Transcribe only the part of the material below that begins at the line containing "Bottes santiags en" and ends at the line containing "100 % liège", with both kept and images left out.

Data to examine ::
··········

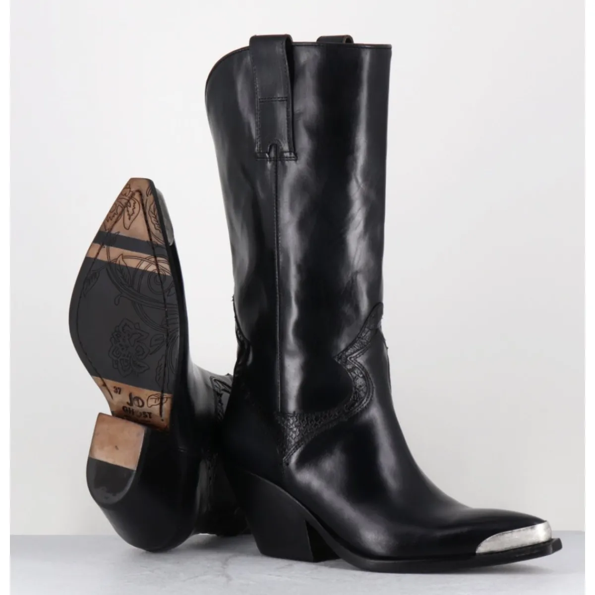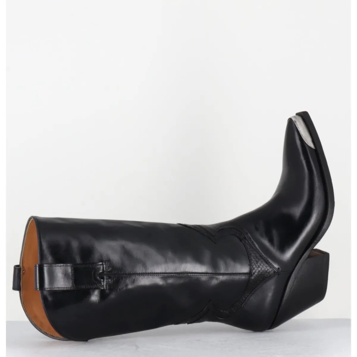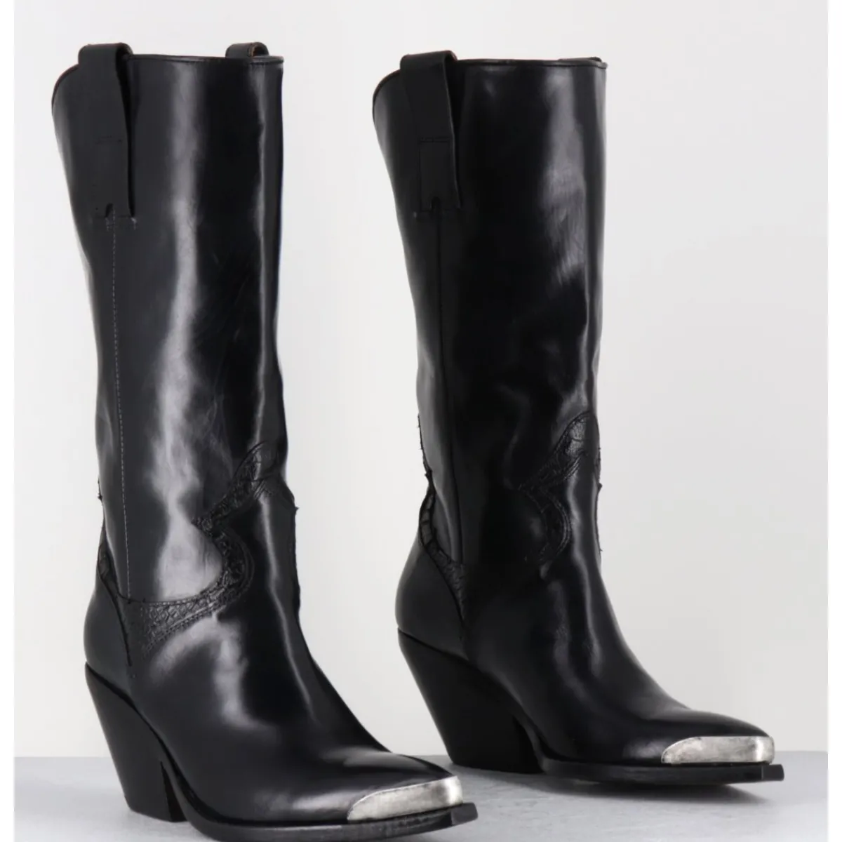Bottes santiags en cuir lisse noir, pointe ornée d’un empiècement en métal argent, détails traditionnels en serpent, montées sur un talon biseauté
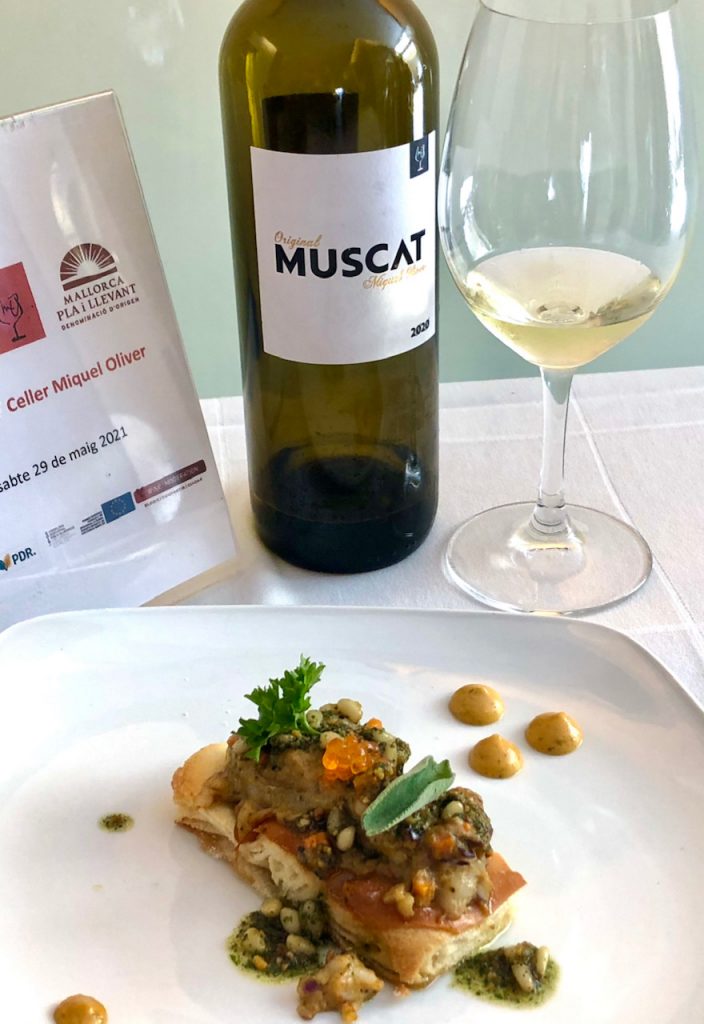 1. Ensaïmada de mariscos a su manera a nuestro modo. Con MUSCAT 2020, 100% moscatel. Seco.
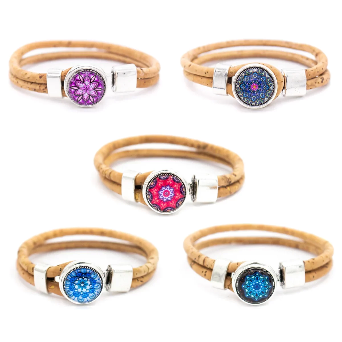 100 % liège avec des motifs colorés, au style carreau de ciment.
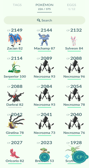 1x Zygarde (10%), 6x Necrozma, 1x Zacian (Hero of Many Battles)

··········

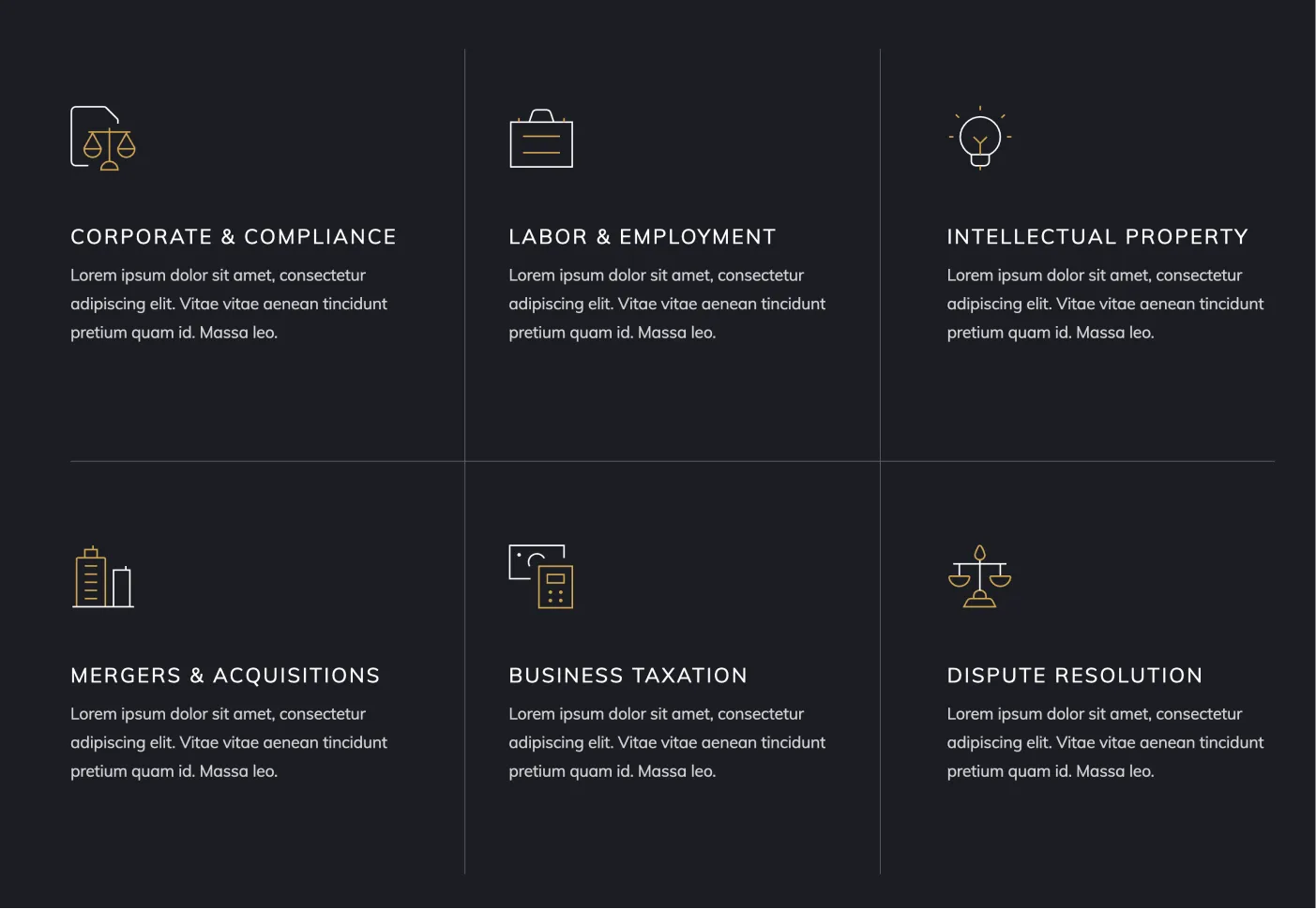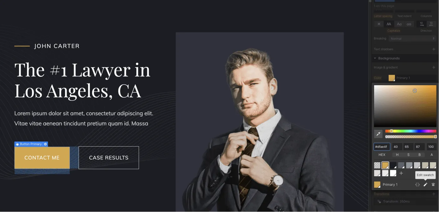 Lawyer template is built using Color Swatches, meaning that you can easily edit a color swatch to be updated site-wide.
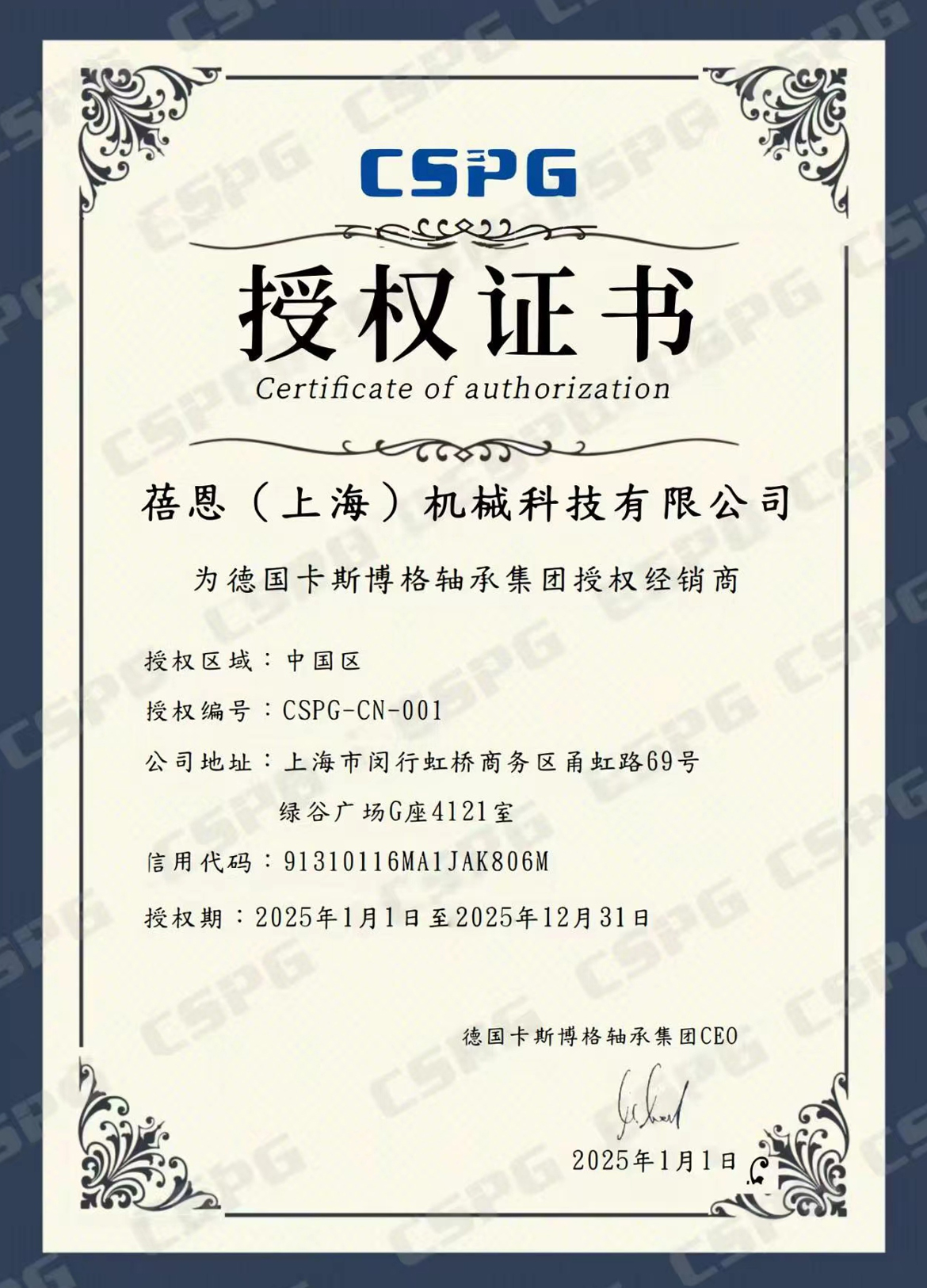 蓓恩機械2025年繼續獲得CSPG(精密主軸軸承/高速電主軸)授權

··········

Task output ::
Bottes santiags en cuir lisse noir, pointe ornée d’un empiècement en métal argent, détails traditionnels en serpent, montées sur un talon biseauté
 1. Ensaïmada de mariscos a su manera a nuestro modo. Con MUSCAT 2020, 100% moscatel. Seco.
 100 % liège avec des motifs colorés, au style carreau de ciment.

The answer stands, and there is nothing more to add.